In 1881 Mary and Isabella Taylor were living at 13 Douglas Street in Glasgow and Mary was still working as a grocer, but she died there on 24 December 1888 and in the next census Isabella, a dairy keeper, was sharing the house with her niece Annie Wallace. She was the second daughter of that name after an earlier Annie died aged 10 in 1868 of "Pain in the head" and "Paralysis of the right side". By 1901 Isabella and Annie had moved in with Isabella’s sister Jane Wallace at 68 Abbotsford Place and Isabella was working as a stationer shop keeper.

Click here to open a new window with a table showing the full lists of residents at each Glasgow address.

(Note that the information is taken from transcriptions rather than original images.)


Taylor brothers


This picture is a ferrotype, produced on a thin sheet of iron coated with black enamel.

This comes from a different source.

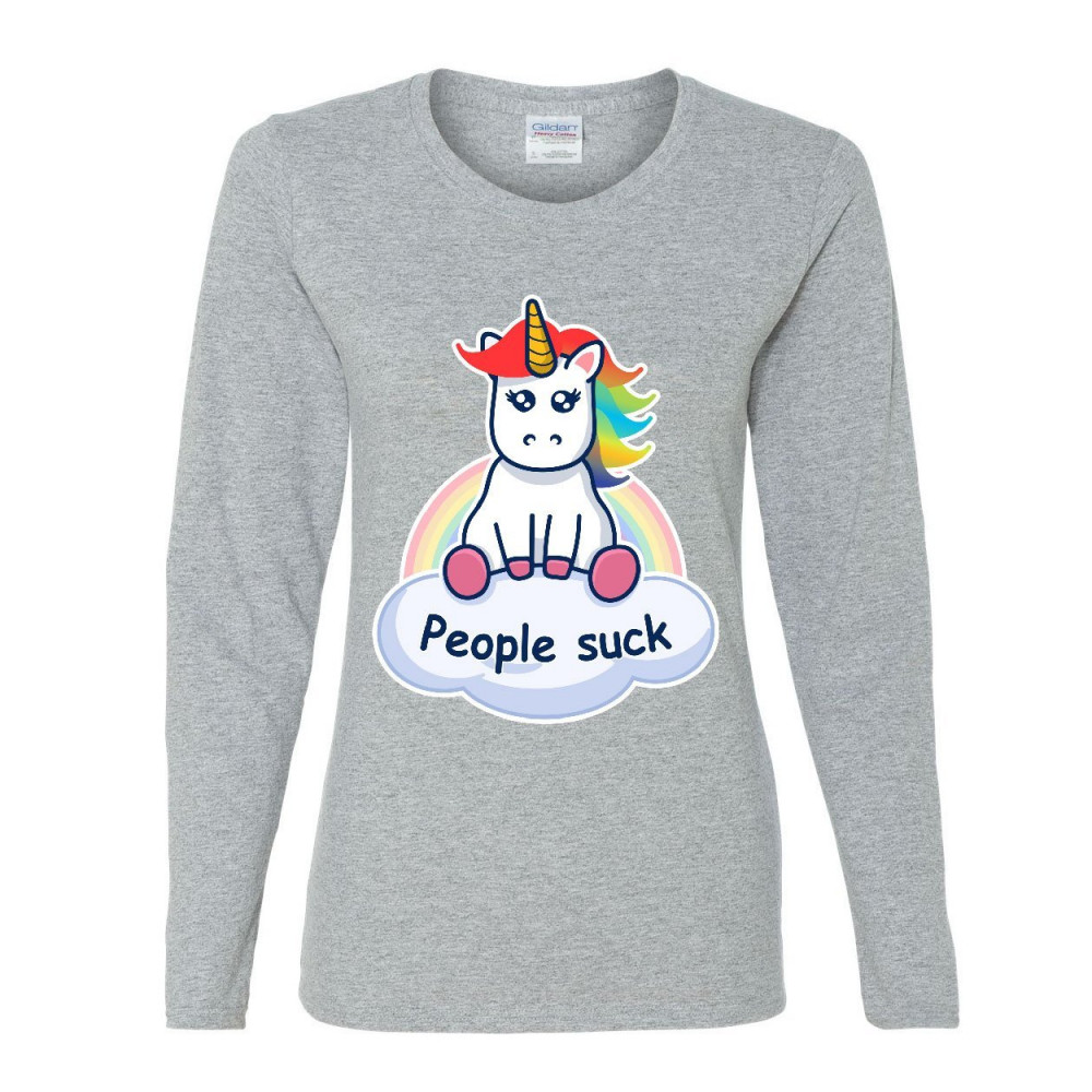 PEOPLE SUCK cute unicorn women's long sleeve tee funny rainbow pony introvert gray

It was a method that became popular in the 1870's in Britain. The picture comes from the Taylor family and appears to show two brothers. Likely candidates could well be two of James and Mary's sons. The younger James would have been 24 in 1870. Perhaps it was taken at the time of his marriage to Sarah in 1871. If this is the case then James would be seated and the subordinate, standing figure might be the best man, either Alexander (born in 1848) or, much less likely, John (born in 1841). Alexander was a witness for the wedding.


The two images below come from a small pendant and are thought to be James Taylor and Sarah Dickson. If so, then that would seem to provide support for the suggestion that James is one of the two gentlemen in the large picture.